RECORDS TO USE: Begin
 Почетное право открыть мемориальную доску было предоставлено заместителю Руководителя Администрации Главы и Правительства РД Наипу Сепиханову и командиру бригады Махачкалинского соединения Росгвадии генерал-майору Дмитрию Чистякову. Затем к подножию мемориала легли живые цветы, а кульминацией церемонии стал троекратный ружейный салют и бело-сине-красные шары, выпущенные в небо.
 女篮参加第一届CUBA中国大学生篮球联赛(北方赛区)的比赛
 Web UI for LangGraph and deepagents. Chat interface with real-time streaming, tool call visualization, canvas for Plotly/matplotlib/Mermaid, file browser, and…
RECORDS TO USE: End
RECORDS TO USE: Begin
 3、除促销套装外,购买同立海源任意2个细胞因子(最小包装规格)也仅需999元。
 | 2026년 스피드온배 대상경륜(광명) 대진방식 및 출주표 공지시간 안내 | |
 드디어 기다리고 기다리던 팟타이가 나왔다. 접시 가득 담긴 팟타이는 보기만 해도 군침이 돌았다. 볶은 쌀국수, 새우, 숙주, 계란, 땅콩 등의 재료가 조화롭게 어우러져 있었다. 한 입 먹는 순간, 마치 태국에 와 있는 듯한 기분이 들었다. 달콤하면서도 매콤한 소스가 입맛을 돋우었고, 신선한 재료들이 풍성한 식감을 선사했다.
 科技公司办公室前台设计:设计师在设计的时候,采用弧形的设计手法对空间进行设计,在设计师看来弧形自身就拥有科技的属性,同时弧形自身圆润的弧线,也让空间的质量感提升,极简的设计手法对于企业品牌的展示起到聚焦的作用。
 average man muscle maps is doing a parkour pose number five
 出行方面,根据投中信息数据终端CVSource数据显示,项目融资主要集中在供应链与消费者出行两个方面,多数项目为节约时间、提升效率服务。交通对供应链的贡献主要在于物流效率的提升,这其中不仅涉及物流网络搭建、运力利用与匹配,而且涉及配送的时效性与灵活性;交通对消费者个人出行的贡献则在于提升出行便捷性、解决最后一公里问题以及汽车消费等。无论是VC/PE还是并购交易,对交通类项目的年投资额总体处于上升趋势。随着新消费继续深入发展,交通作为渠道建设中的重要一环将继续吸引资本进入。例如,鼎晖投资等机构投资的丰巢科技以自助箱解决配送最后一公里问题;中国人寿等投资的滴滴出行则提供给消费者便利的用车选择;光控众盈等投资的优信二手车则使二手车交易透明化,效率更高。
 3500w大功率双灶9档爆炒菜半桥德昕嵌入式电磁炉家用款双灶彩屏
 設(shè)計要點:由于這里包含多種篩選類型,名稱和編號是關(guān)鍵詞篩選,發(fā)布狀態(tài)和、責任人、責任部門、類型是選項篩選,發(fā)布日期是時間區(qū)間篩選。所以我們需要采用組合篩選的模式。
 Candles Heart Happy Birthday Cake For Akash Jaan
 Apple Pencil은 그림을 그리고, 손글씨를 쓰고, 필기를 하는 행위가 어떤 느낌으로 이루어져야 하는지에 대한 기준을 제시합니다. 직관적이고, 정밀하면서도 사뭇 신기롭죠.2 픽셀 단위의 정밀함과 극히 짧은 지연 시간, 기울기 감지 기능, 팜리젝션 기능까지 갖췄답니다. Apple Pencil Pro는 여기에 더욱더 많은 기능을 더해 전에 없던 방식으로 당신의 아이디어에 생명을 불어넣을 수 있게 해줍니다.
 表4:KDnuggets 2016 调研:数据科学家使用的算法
RECORDS TO USE: End
INSTRUCTIONS TO FOLLOW - Go through the material above and output exactly the lines from the one containing "공지시간 안내 | |" through the one containing "average man muscle".

TASK RESPONSE -
 | 2026년 스피드온배 대상경륜(광명) 대진방식 및 출주표 공지시간 안내 | |
 드디어 기다리고 기다리던 팟타이가 나왔다. 접시 가득 담긴 팟타이는 보기만 해도 군침이 돌았다. 볶은 쌀국수, 새우, 숙주, 계란, 땅콩 등의 재료가 조화롭게 어우러져 있었다. 한 입 먹는 순간, 마치 태국에 와 있는 듯한 기분이 들었다. 달콤하면서도 매콤한 소스가 입맛을 돋우었고, 신선한 재료들이 풍성한 식감을 선사했다.
 科技公司办公室前台设计:设计师在设计的时候,采用弧形的设计手法对空间进行设计,在设计师看来弧形自身就拥有科技的属性,同时弧形自身圆润的弧线,也让空间的质量感提升,极简的设计手法对于企业品牌的展示起到聚焦的作用。
 average man muscle maps is doing a parkour pose number five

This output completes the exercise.